Hepatitis C Virus Persistence After Sustained Virological Response to Antiviral Therapy in Patients With or Without Past Exposure to Hepatitis B Virus

T. N. Q. Pham; C. S. Coffin; N. D. Churchill; S. J. Urbanski; S. S. Lee; T. I. Michalak


J Viral Hepat. 2012;19(2):103-111. 

In This Article


In this study, we examined the prevalence of OCI in patients with clinically resolved hepatitis C who had or did not have past exposure to HBV. Our findings overall suggest that low-level HBV DNA carriage in plasma, PBMC or liver does not have a noticeable effect on the prevalence, virological characteristics and, most likely, features of liver histology encountered in the course of OCI. The data also indicate that regardless of the existence of past HBV exposure, the levels of HCV RNA, especially in plasma, could vary significantly over time in OCI. Given that both HCV and HBV genomes were detectable in the same compartments in many of the cases examined, it can be proposed that the reciprocal inhibition of HBV and HCV replication observed in highly viraemic hepatitis patients[22,24,26,41] is not evident in low-level coinfection with these viruses.

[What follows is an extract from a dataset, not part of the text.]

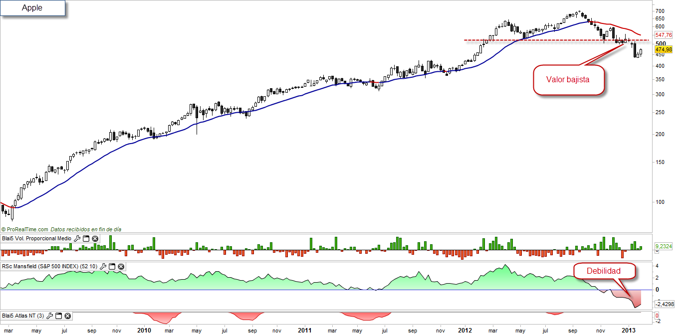 Mi punto de vista sobre este valor lo llevo trasmitiendo desde hace semanas en este mismo blog. Apple ya no es lo que era, y debemos evitar a toda costa tener valores bajistas en cartera como este, puesto que las consecuencias pueden ser nefastas para nuestros intereses.

Since its discovery in recent years,[14] OCI continuing after clinical resolution of hepatitis C has been a subject of investigations by many groups. Although we and others have collectively documented the presence of low-level HCV persistence in plasma, PBMC and/or liver in individuals with spontaneous or treatment-induced recovery from CHC,[13–15] studies from other groups came to rather opposite conclusions.[42–44] As evidenced in this study, HCV RNA, in both plasma and PBMC, could fluctuate considerably over time in low-level HCV infection. This, in consequence, highlights the importance of testing multiple samples and, if required, using a larger amount of starting material for nucleic acid extraction. In addition, as ex vivo stimulation of lymphoid cells with mitogens could greatly enhance virus detection,[14,39] we routinely adopt this approach to our investigation of OCI in PBMC. Nevertheless, this methodology was not used by most, if not all, studies that had refuted the existence of occult HCV persistence.[42–44] Perhaps, a combination of the differences mentioned elsewhere, together with other factors discussed elsewhere,[17,18] could help reconcile the discrepancies between the data that argued for[13–15] and those that were against[42–44] the notion of OCI persisting after clinically diagnosed recovery. Further, it is important to note that in this study, as well in those published elsewhere [8,13–15,36], low-level occult HCV persistence was not just about mere detection of HCV RNA. Indeed, not only the persistent expression of HCV replicative strand in PBMC and liver tissue was documented, but also HCV sequence polymorphisms in PBMC compared with plasma or liver, circulating virion-like particles and their replication competence were demonstrated.[36]

In most cases evaluated, liver histology showed improvement after otherwise successful treatment. Nevertheless, there was also an indication of persistent low-grade liver inflammation and fibrosis (see Table 3), which was seemingly irrespective of whether the individuals were concurrently positive or not for HBV DNA. The question of whether OBI could contribute to such alterations after achieving SVR could not be conclusively addressed in this study and will require a similar investigation with a larger number of cases. At this point, our finding of hepatic changes after SVR is consistent with that reported by others.[13,15,45]

Taken together, the current study provides new insights into characteristics of occult HCV persistence in general and in individuals with past exposure to HBV in particular. It also offers a standardized approach with greater uniformity and sensitivity in the identification of OCI. Our data indicate that a past encounter with HBV may not negatively influence the prevalence and characteristics of low-level HCV persistence continuing after resolution of CHC achieved following antiviral therapy.